According to City Manager Rickey Steele, the municipality last week filed a request asking Circuit Judge David A. Rains to reconsider and reverse his judgment.
A referendum that would make the sale of alcoholic beverages legal in the corporation limits passed by a 649 to 239 margin on Aug. 12.
Just before the election, Carl Green, a deacon at Cedar Bluff First Baptist Church and chairman of the group Citizens Caring for Children, filed a suit to halt the certification of the vote and to prohibit the town from issuing liquor licenses in case the vote passed.
The suit named the municipality of Cedar Bluff and Mayor Bob Davis as defendants.
The local legislative act that permitted the election contradicted the general state law on liquor sales and was therefore unconstitutional, the suit declared.
Judge Rains heard arguments for and against the claim on Sept. 26, then last week ruled in favor of the plaintiff.
Steele said that ruling denies the democratic process and the will of the people of Cedar Bluff.
Local-option elections on the legal sale of alcohol within a dry county have been allowed by Alabama law since 1983, but only in municipalities with a population of at least 7,000. Such a successful vote in a municipality of 7,000 then would allow any municipality of at least 4,000 in the same county to hold its own local-option election.
Latest census figures list Cedar Bluff with a population of 1,461.
An attempt to get a vote in 2002 was struck down by the Alabama Supreme Court as unconstitutional, and the local legislative delegation again followed the desires of the mayor and town council and enacted revised legislation earlier this year.
Steele said Judge Rains will have 90 days in which to reverse his ruling.

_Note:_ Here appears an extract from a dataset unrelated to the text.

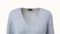 A prominent purveyor of high quality cashmere, Akris is renowned for its well-crafted and luxuriously soft sweaters. This one has a ribbed hem and cuffs that allow it to hug your body in a flattering way while a front middle seam adds an interesting detail to the front. For a chic and cozy look, pair pack to the matching cashmere knit jogging pant.

If he doesn’t, Steele said, the municipality is prepared to take it to the Alabama Court of Civil Appeals.
Steele insists that the election was legal. It was patterned after a similar election in Bridgeport, a Jackson County municipality that has legal liquor sales although it has fewer than 7,000 residents.
“The mayor of Bridgeport is also upset with the ruling,” Steele said. “He feels it could possibly place his town’s legal sales in jeopardy.”
Steele said he believed that Rains had not been fair to Cedar Bluff. He received briefs on the case the week of Sept. 22 and heard oral arguments on Sept. 26.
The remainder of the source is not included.